Fig 4. Our framework delineates cell-type composition in fluorescence imaging data consistent with inForm.

A: Signal intensities for selected immune and tumor markers measured for individual cells using the raw images (top row) or the FR maps (middle row) were overlaid on tSNE plots. Scatter plots (bottom row) demonstrating the correlation between signal intensity per cell from raw images (x-axis) and FR maps (y-axis). The strength of these correlations are quantified using Spearman’s rank correlation coefficient. B: Cell-cell comparison between the cell type identified by inForm (x-axis) and our framework (y-axis). Table entries indicate the percentage of cells in the dataset to compare the identified cell types by the baselines (columns) and our framework (rows). Heatmap of marker expression for the unidentified cluster by inForm (right); the expression level of markers per cell is measured using the raw image scaled between 0 and 1 (left) or measured from FR maps (right).
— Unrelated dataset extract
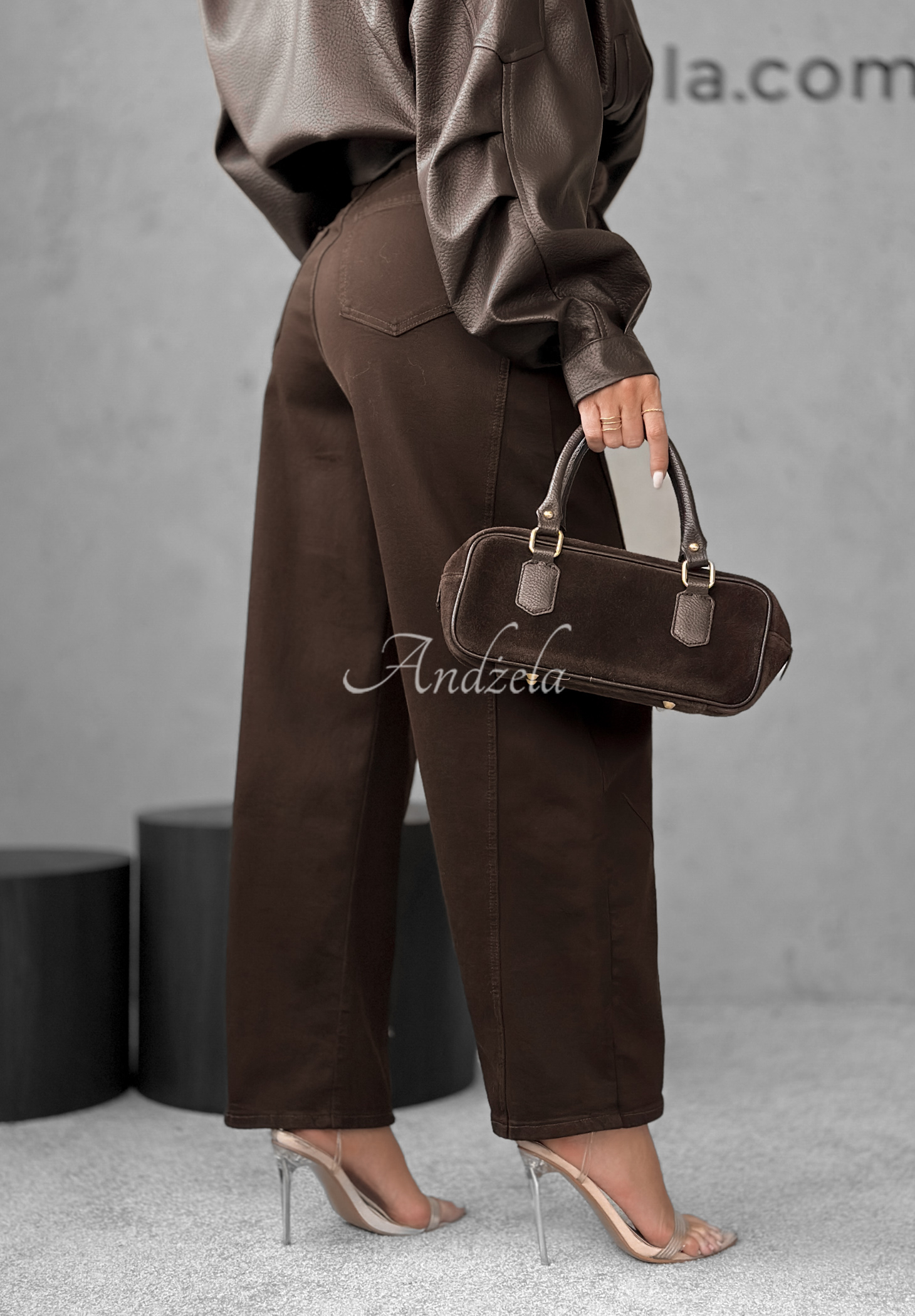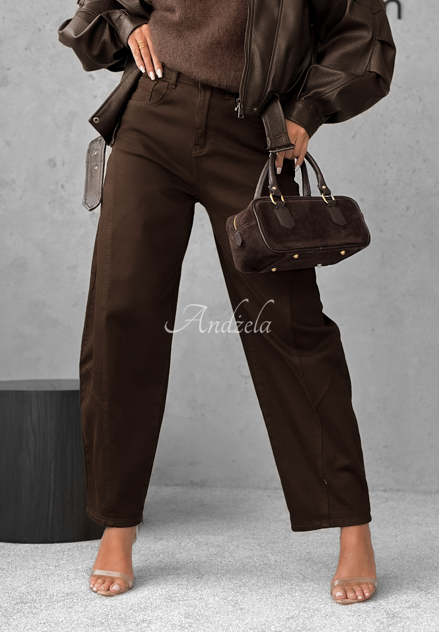 Džíny z elastické bavlněné tkaniny. Jde o model střihu balloon s vysokým pasem a širokými nohavicemi zužujícími se směrem dolů. Zepředu i zezadu se nacházejí funkční kapsy. Zapínají se na zip a knoflík.

In both heatmaps the expression level is computed as the summation of pixel values within the boundary of a cell divided by the total number of pixels comprising that cell. C: Color overlay of markers CD19, CD3, CD8, CD68, and CK (top); plots compare the stain from the raw image with the corresponding FR map (top). Pseudo-coloring of cell populations compares the predicted cell types by inForm with our framework (bottom).